> PROBLEM DESCRIPTION: Set down every line below, word for word.

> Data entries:
◇ ◇ ◇ ◇
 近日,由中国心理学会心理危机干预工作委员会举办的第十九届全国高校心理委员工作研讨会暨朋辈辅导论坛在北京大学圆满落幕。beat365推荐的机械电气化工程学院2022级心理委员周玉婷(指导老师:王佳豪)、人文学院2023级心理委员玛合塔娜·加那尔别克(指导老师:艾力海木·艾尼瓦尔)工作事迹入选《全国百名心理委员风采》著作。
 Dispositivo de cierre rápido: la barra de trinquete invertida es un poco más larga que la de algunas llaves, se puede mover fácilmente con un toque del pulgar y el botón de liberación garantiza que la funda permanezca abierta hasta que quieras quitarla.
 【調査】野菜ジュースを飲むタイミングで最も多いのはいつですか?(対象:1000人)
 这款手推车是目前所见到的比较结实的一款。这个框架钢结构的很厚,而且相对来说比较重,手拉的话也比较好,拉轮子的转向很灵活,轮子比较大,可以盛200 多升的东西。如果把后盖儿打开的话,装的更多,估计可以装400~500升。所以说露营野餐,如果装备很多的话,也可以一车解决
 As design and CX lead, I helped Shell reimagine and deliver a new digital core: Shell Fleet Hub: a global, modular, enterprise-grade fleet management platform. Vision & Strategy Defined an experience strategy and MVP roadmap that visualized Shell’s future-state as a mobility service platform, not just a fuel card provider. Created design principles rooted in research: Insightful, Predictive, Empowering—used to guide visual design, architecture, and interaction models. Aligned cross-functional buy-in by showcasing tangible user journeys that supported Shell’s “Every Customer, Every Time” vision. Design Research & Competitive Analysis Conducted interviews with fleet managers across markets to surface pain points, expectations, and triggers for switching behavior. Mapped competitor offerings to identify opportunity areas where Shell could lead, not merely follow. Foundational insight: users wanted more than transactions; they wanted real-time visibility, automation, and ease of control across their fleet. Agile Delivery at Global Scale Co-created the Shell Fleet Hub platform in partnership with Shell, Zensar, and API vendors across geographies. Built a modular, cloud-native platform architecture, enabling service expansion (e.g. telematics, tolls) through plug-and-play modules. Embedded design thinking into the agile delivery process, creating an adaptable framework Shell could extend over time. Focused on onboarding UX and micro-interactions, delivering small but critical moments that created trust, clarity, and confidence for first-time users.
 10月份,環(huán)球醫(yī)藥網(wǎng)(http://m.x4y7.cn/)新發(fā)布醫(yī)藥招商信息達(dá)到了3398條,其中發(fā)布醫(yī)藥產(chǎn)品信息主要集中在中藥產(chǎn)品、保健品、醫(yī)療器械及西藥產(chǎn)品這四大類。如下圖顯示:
◇ ◇ ◇ ◇
> SOLUTION FOR THIS PROBLEM:
 近日,由中国心理学会心理危机干预工作委员会举办的第十九届全国高校心理委员工作研讨会暨朋辈辅导论坛在北京大学圆满落幕。beat365推荐的机械电气化工程学院2022级心理委员周玉婷(指导老师:王佳豪)、人文学院2023级心理委员玛合塔娜·加那尔别克(指导老师:艾力海木·艾尼瓦尔)工作事迹入选《全国百名心理委员风采》著作。
 Dispositivo de cierre rápido: la barra de trinquete invertida es un poco más larga que la de algunas llaves, se puede mover fácilmente con un toque del pulgar y el botón de liberación garantiza que la funda permanezca abierta hasta que quieras quitarla.
 【調査】野菜ジュースを飲むタイミングで最も多いのはいつですか?(対象:1000人)
 这款手推车是目前所见到的比较结实的一款。这个框架钢结构的很厚,而且相对来说比较重,手拉的话也比较好,拉轮子的转向很灵活,轮子比较大,可以盛200 多升的东西。如果把后盖儿打开的话,装的更多,估计可以装400~500升。所以说露营野餐,如果装备很多的话,也可以一车解决
 As design and CX lead, I helped Shell reimagine and deliver a new digital core: Shell Fleet Hub: a global, modular, enterprise-grade fleet management platform. Vision & Strategy Defined an experience strategy and MVP roadmap that visualized Shell’s future-state as a mobility service platform, not just a fuel card provider. Created design principles rooted in research: Insightful, Predictive, Empowering—used to guide visual design, architecture, and interaction models. Aligned cross-functional buy-in by showcasing tangible user journeys that supported Shell’s “Every Customer, Every Time” vision. Design Research & Competitive Analysis Conducted interviews with fleet managers across markets to surface pain points, expectations, and triggers for switching behavior. Mapped competitor offerings to identify opportunity areas where Shell could lead, not merely follow. Foundational insight: users wanted more than transactions; they wanted real-time visibility, automation, and ease of control across their fleet. Agile Delivery at Global Scale Co-created the Shell Fleet Hub platform in partnership with Shell, Zensar, and API vendors across geographies. Built a modular, cloud-native platform architecture, enabling service expansion (e.g. telematics, tolls) through plug-and-play modules. Embedded design thinking into the agile delivery process, creating an adaptable framework Shell could extend over time. Focused on onboarding UX and micro-interactions, delivering small but critical moments that created trust, clarity, and confidence for first-time users.
 10月份,環(huán)球醫(yī)藥網(wǎng)(http://m.x4y7.cn/)新發(fā)布醫(yī)藥招商信息達(dá)到了3398條,其中發(fā)布醫(yī)藥產(chǎn)品信息主要集中在中藥產(chǎn)品、保健品、醫(yī)療器械及西藥產(chǎn)品這四大類。如下圖顯示:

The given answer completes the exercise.